When the show premiered in September of 2009, with Ferguson as Mitch and Stonestreet as Cam, it was an immediate hit, to everyone’s relief. Not only that, but viewers were particularly taken by the gay couple. That was thanks to a clever strategy: In order to ease conservative viewers into watching, the writers deliberately focused early storylines on Mitch and Cam’s parenting, rather than on any gay issues. Plots tended to be about taking their daughter to daycare and a pediatrician, or buying diapers—things that would be relatable to gay or straight audiences. With Mitch as a successful attorney and Cam as a teacher who gave up his job to be a stay-at-home parent, they actually have the most conservative family dynamic on the show, as long as you can overlook gender, which viewers were largely willing to do. Aside from some complaints from far-right extremists, who called the show “poison” for featuring a same-sex couple, ratings were high.

Still, Mitch and Cam were sometimes treated differently from other couples on the show. For one thing, they were far less likely to demonstrate physical affection, and they couldn’t be married because it wasn’t yet legal.

The issue of physical affection became a particular sticking point among gay viewers. Mitch and Cam didn’t so much as kiss during the show’s entire first season, highlighting the difference in how they were portrayed compared to the show’s straight couples.

But that changed in season two with an episode titled “The Kiss.” Cam confronts Mitch about their lack of physical contact, and after a heart-to-heart, Mitch comes to understand just how much that stuff matters; in the episodes that follow, viewers saw signs of physical affection gradually increase between the two.

That still left one area of inequality: Marriage. Proposition 8 remained the law in California, where the show was set, and through a strange series of political moves, the ban on gay marriage was defended by then-Governor Arnold Schwarzenegger. Schwarzenegger’s track record on queer equality was poor: He vetoed bills recognizing the contributions of Harvey Milk and blocked efforts to legalize marriage equality. But in June of 2013, the governor proved no match for the U.S. Supreme Court, which overturned Proposition 8. Just like that, marriage was legal in California for same-sex couples—including fictional ones.

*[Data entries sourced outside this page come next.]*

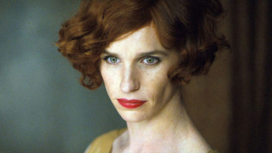 A recently released photo of Redmayne as Elbe features the actor wearing a red, curly-haired wig, eyeliner, mascara, and red lipstick.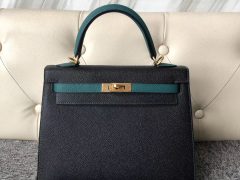 臺灣新竹市愛馬仕 Hermes Kelly 25cm Hss CK89黑色/Z6孔雀綠 Epsom 磨砂金扣 馬蹄印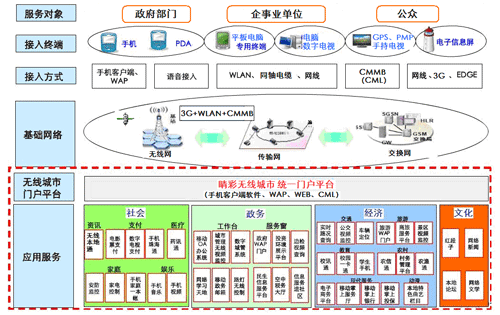 事实上,无线城市的定义是有广义和狭义之分的:狭义的定义来自实践经验,主要是指“无线宽带城市”,利用WiFi、WiMAX再加Mesh组网技术进行无线覆盖;从广义理解,无线城市是一种城市发展理念,利用无线技术实现城市覆盖,提供无线接入服务,提升整个城市的信息化水平,因此就包括所有的无线技术,如3G、WiFi和WiMAX等,同时也包括无线数字广播技术,如CMMB这一中国自主研发的中国移动多媒体广播技术。睛彩无线城市的概念简单说来就是3G+WLAN+CMMB,也就是综合使用第三代移动通信技术、宽带无线局域网技术和中国移动多媒体广播等无线技术覆盖整个城市,使公众能够利用无线终端或无线技术获取信息,享受速度更快的无线网络和随时随地、安全便捷的信息服务,例如用手机看电视、玩网络游戏、手机视频聊天、用手机随时召开或参加视频会议、家庭数字网络、无线传输文稿和照片等大文件、无线网络硬盘、移动电子邮件,等等。 睛彩无线城市体系架构图,如图1。

Modern Family was heading into a summer break when the ruling came down, but the writers leapt into action to plan a wedding for Mitch and Cam. It began with the proposal at the start of season five, and continued with a year-long arc that ended with a wedding in June of 2014. Modern Family was cautious to write Mitch and Cam’s journey to the altar in a way that wouldn’t immediately alienate conservative viewers, with episodes focusing on general wedding-planning hijinks rather than specifically queer issues.

That episode coincided with thousands of real-life marriages, including one for Modern Family’s own Jesse Tyler Ferguson. Behind the scenes, Ferguson and his then-boyfriend Justin Mikita were vocal advocates for the freedom to marry, and tied the knot just before Ferguson’s television wedding. “I have two husbands, you guys,” Ferguson joked at an awards show. “Remember when we could have zero? Well, now I have two.”

Mitch and Cam’s union also converged with surging public support for the freedom to marry, with polls showing for the first time that a majority of Americans supported marriage equality. There are a lot of reasons public opinion changed, but research from MIT demonstrated that fictional characters like Cam and Mitch likely played a meaningful role in showing Americans that same-sex couples are nothing to be scared of.

Not a bad legacy for two gay dads who nearly never made it to air.